2. The location and post office address of its registered office in this Commonwealth is 2400 Bernville Road, Reading, PA 19612.
3. The purpose of the Corporation is to exercise any lawful purpose or power and to engage in any lawful act or activity for which a Corporation may be organized under the Pennsylvania Business Corporation Law.
4. The Corporation shall have authority to issue an aggregate of 1,000 shares, all of which shares are designated Common Stock, par value $0.01 per share. The board of directors shall have the full authority permitted by law to divide the authorized and unissued shares into classes or series, or both, and to determine for any such class or series its designation and the number of shares of the class or series and the voting rights, preferences, limitations and special rights, if any, of the shares of the class or series.

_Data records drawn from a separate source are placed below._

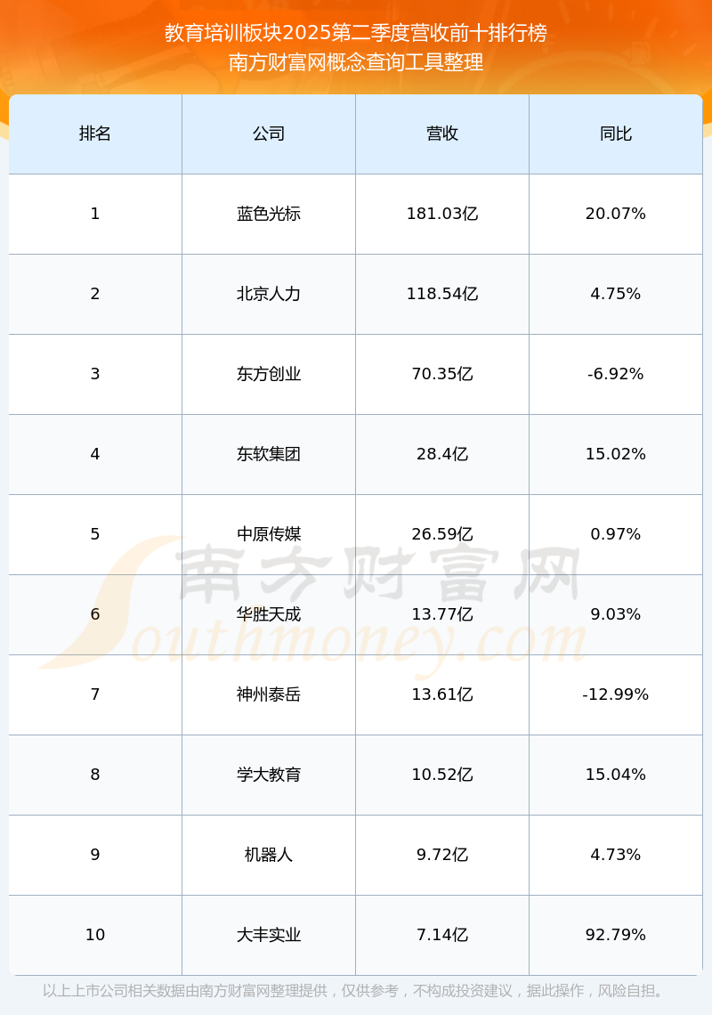 按照南方財(cái)富網(wǎng)概念查詢工具統(tǒng)計(jì),該股所屬板塊為教育培訓(xùn)板塊,該板塊共有58只股票,昂立教育2025第二季度營收在該板塊中排名為第20名,該板塊2025第二季度營收排名前十的股票如下表:
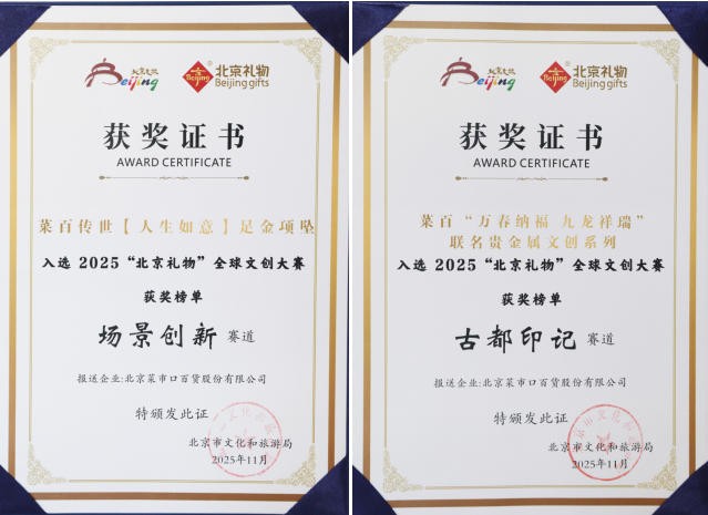菜百股份多款产品入选 2025“北京礼物”全球文创大赛获奖榜单(菜百股份简介)
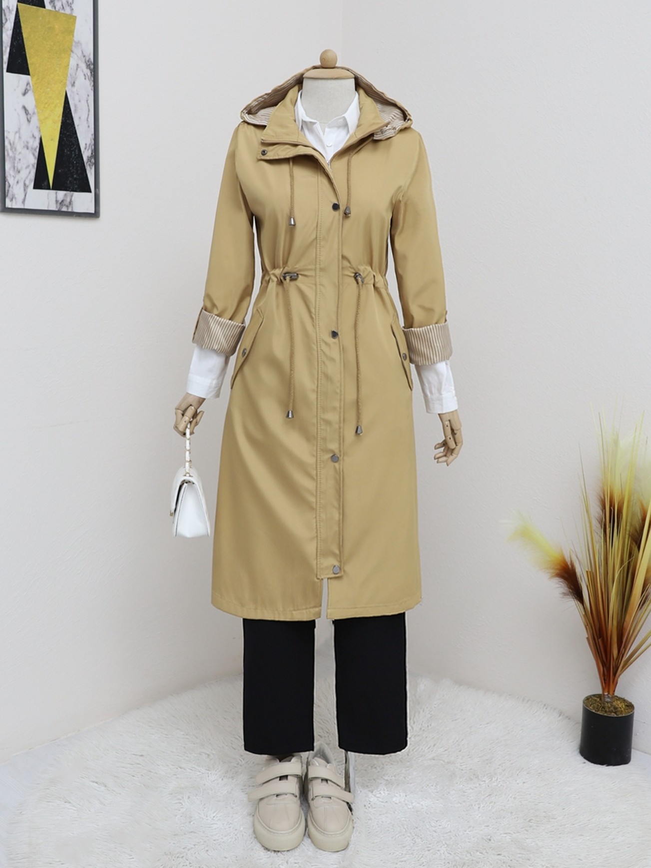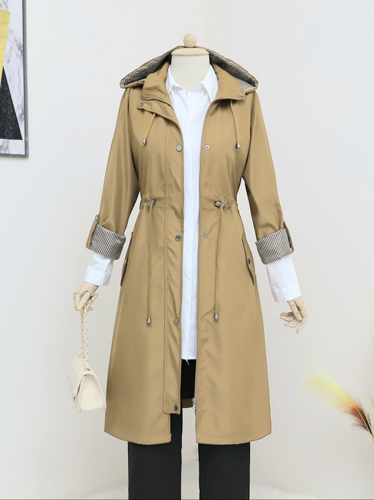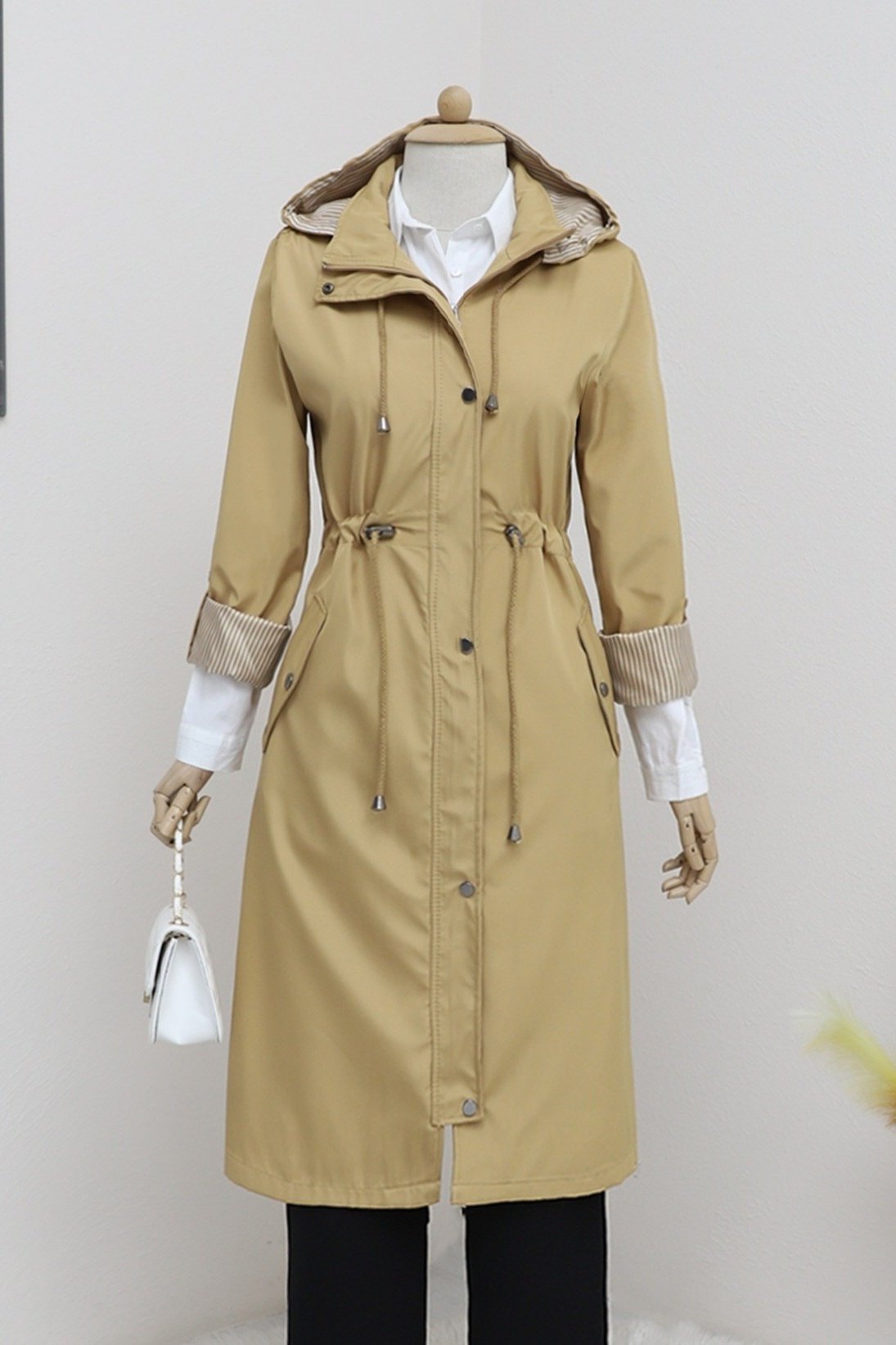 Önden fermuarlı ve çıtçıtlı, 2 cepli, çıkma kapüşonlu, beli büzgülü ve bağcıklı, kolu katlamalı trençkot modelimiz yeni sezonun en çok sevilen modelleri arasında yer almaktadır.
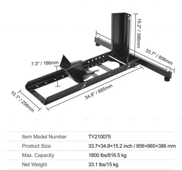 Compatible Tire Width:3-8 inch/76.2-203.2 mm,Item Model Number: TY210075,Compatible Hub Diameter:15-22 inch/381-558.8 mm,Max. Capacity:1800lbs/816.5 kg,Net Weight:33.1lbs/15 kg,Product Size:33.7×33.8×16.5 inch/855×860×420 mm
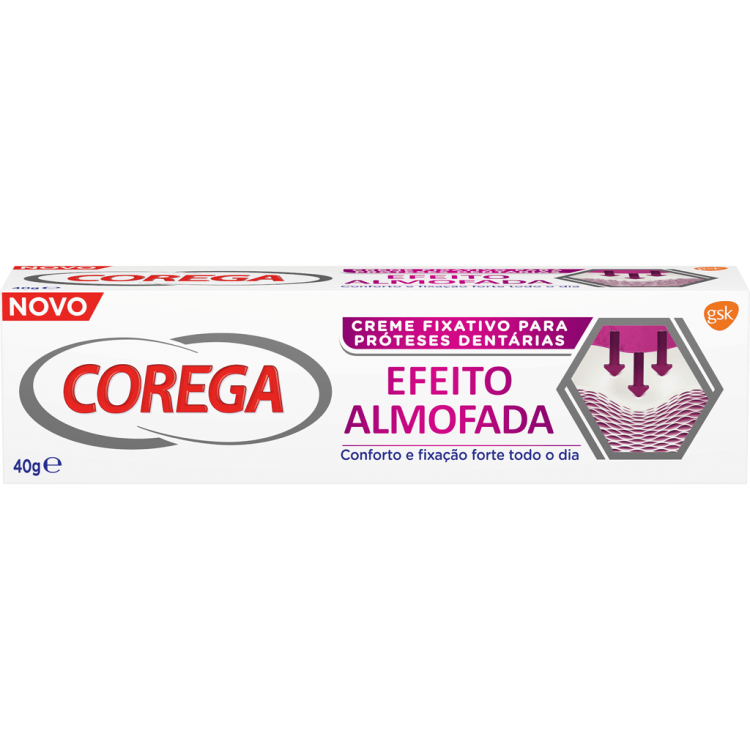 Corega Efeito Almofada é um creme fixativo que ajuda a dar conforto e a proteger as gengivas da pressão, fricção e irritação causada pela prótese dentária. Atua formando uma camada de gel hidro-activo e contém carbómero e carboximetilcelulose. Desenvolvido para começar a atuar imediatamente, ajuda a amortecer com uma camada efeito almofada durante todo o dia.

(a) Dividends. Holders of Common Stock shall be entitled to receive such dividends as may be declared by the board of directors, except that the Corporation will not declare, pay or set apart for payment any dividend on shares of Common Stock, or directly or indirectly make any distribution on, redeem, purchase or otherwise acquire any such shares, if at the time of such action the terms of any other outstanding shares prohibit the Corporation from taking such action.
(b) Distribution of Assets. In the event of voluntary or involuntary liquidation, dissolution or winding up of the Corporation, holders of Common Stock shall be entitled to receive pro rata all of the assets of the Corporation remaining available for distribution to its shareholders after all preferential distributions, if any, to which the holders of any other outstanding shares may be entitled by the terms of such shares have been paid or set aside in cash for payment.
(c) Voting Rights. Except as otherwise required by law or by the terms of any other outstanding shares, the holders of Common Stock shall have the exclusive right to vote in the election of directors and for all other purposes, each such holder being entitled to one vote for each share of Common Stock standing in his name on the books of the Corporation.
5. The duration of the Corporation is to be perpetual.
6. The following provisions are inserted for the management of the business and for the conduct of the affairs of the Corporation, and for further definition, limitation and regulation of the powers of the Corporation and of its directors and stockholders:
(a) The number of directors of the Corporation shall be such as from time to time shall be fixed by, or in the manner provided in, the Bylaws. Election of directors need not be by ballot unless the Bylaws provide.
(b) The directors in their discretion may submit any contract or act for approval or ratification at any annual meeting of the stockholders or at any meeting of the stockholders called for the purpose of considering any such act or contract, and any contract or act that shall be approved or be ratified by the vote of the holders of a majority of the stock of the Corporation which is represented in person or by proxy at such meeting and entitled to vote thereat (provided that a lawful quorum of stockholders be there represented in person or by proxy) shall be as valid and as binding upon the Corporation and upon the stockholders as though it had been approved or ratified by every stockholder of the Corporation, whether or not the contract or act would otherwise be open to legal attack because of directors’ interest, or for any other reason.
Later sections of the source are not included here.